- **Your objective**: Which lines hold the word "Saverne"? Copy each of them from the material.

++++++++++

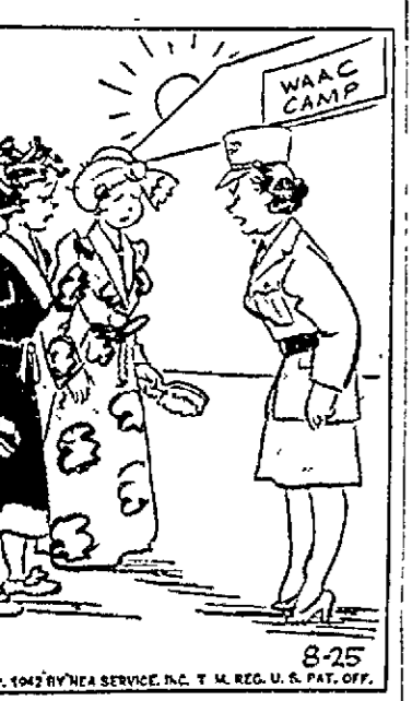
"Come, come, girls—this is no way to show up for reveille!"
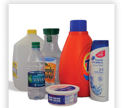
Kitchen, Laundry, Bath: Bottles and Containers empty and replace cap
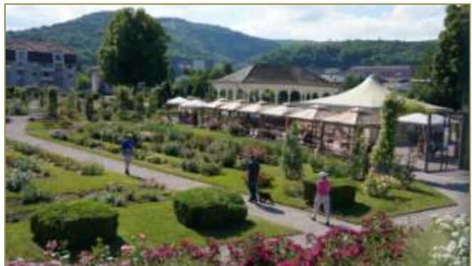
Roseaie de Saverne – France

In Saverne we visited Roseaie de Saverne which dates back to 1898. This is a WFRS Award winning Garden of Excellence (2002). Here we were welcomed by the President of the Rose society and entertained with traditional dancing and supper in the rose garden which was a most enjoyable and fun evening.
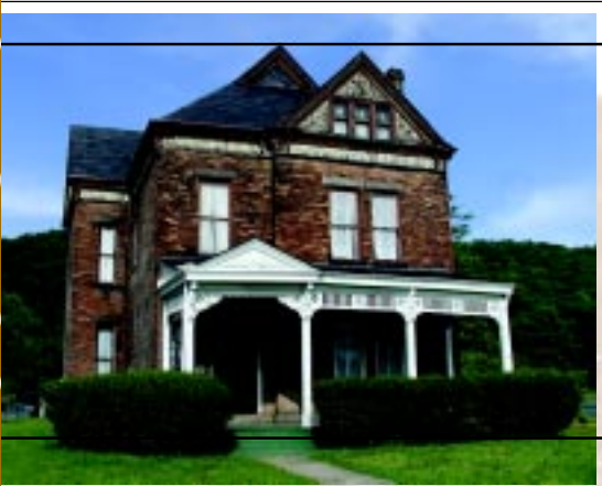
Top: Hancock County Courthouse Bottom: Hancock County Historical Museum
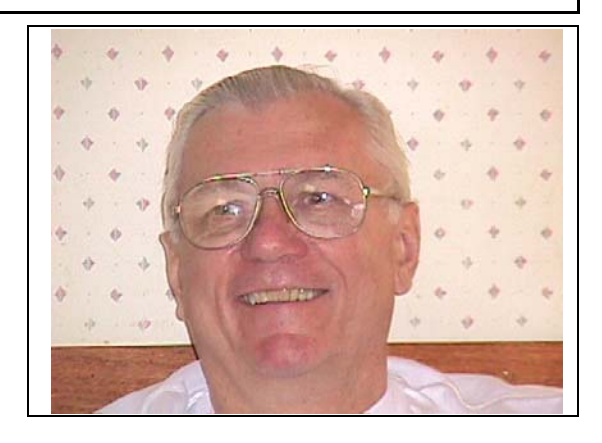
"NO, I'M NOT RUNNING FOR ANYTHING!"
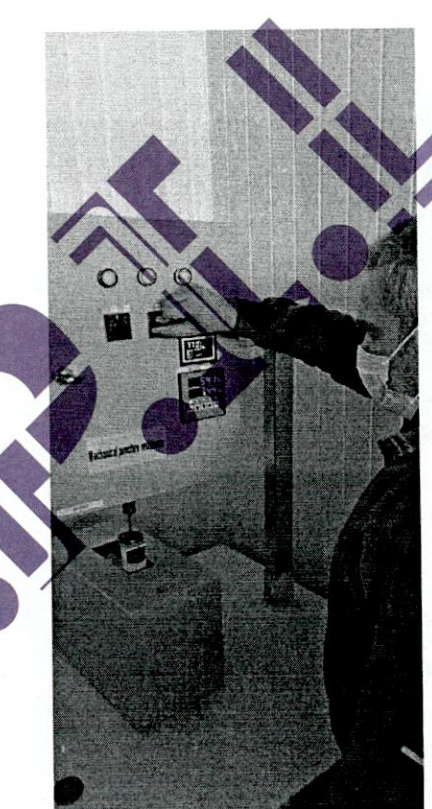
Figure 4: EUT under mechanical puncture resistance test
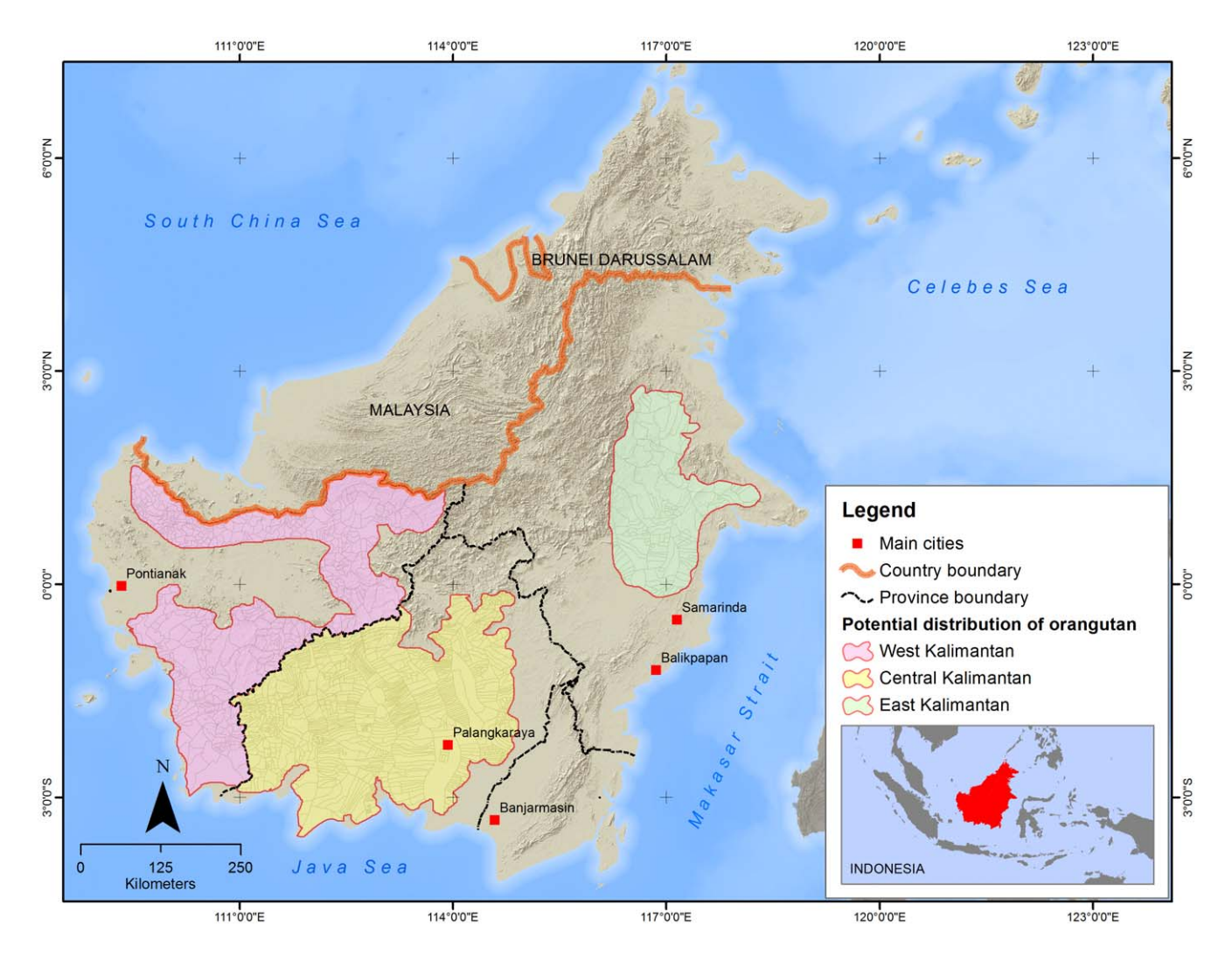
Figure 1. Potential distribution area of orangutan in Central Kalimantan (yellow), West Kalimantan (purple) and East Kalimantan (green), and the village area boundaries within these regions. doi:10.1371/journal.pone.0027491.g001

++++++++++

- **Answer to this problem**:
Roseaie de Saverne – France
In Saverne we visited Roseaie de Saverne which dates back to 1898. This is a WFRS Award winning Garden of Excellence (2002). Here we were welcomed by the President of the Rose society and entertained with traditional dancing and supper in the rose garden which was a most enjoyable and fun evening.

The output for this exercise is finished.